§ **Available data**
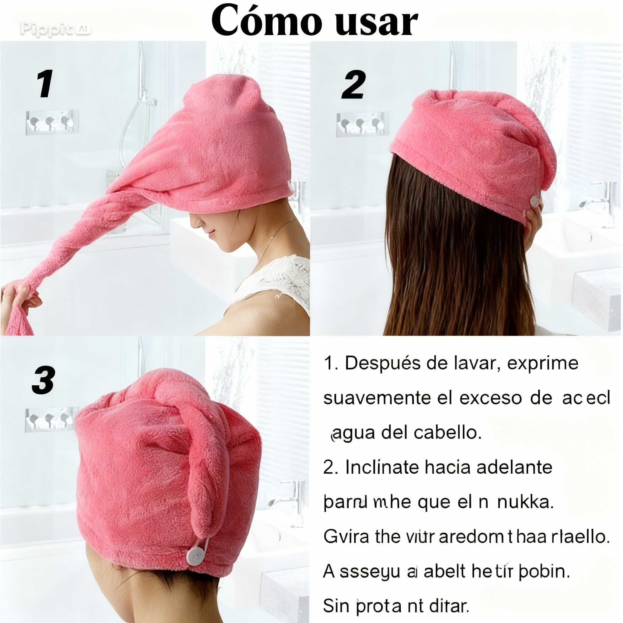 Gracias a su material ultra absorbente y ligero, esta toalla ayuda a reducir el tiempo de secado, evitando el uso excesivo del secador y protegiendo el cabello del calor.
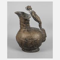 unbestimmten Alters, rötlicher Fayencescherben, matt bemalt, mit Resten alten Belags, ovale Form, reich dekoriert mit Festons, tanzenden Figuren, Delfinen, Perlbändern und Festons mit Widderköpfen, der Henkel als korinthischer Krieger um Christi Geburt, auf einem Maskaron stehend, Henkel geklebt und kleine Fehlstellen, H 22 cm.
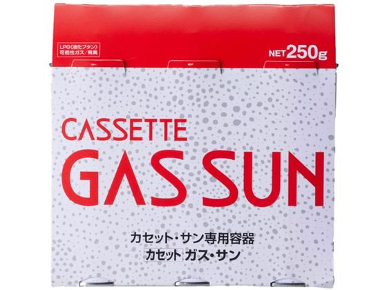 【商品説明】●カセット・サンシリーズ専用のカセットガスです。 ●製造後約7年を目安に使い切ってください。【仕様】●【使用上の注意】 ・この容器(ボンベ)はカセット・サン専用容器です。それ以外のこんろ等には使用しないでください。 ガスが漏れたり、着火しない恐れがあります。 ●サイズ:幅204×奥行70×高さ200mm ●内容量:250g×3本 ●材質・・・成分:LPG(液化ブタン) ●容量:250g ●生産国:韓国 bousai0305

§ **What is being asked**
Reproduce the material word for word. Skip every picture it holds.

§ **Solution**
 Gracias a su material ultra absorbente y ligero, esta toalla ayuda a reducir el tiempo de secado, evitando el uso excesivo del secador y protegiendo el cabello del calor.
 unbestimmten Alters, rötlicher Fayencescherben, matt bemalt, mit Resten alten Belags, ovale Form, reich dekoriert mit Festons, tanzenden Figuren, Delfinen, Perlbändern und Festons mit Widderköpfen, der Henkel als korinthischer Krieger um Christi Geburt, auf einem Maskaron stehend, Henkel geklebt und kleine Fehlstellen, H 22 cm.
 【商品説明】●カセット・サンシリーズ専用のカセットガスです。 ●製造後約7年を目安に使い切ってください。【仕様】●【使用上の注意】 ・この容器(ボンベ)はカセット・サン専用容器です。それ以外のこんろ等には使用しないでください。 ガスが漏れたり、着火しない恐れがあります。 ●サイズ:幅204×奥行70×高さ200mm ●内容量:250g×3本 ●材質・・・成分:LPG(液化ブタン) ●容量:250g ●生産国:韓国 bousai0305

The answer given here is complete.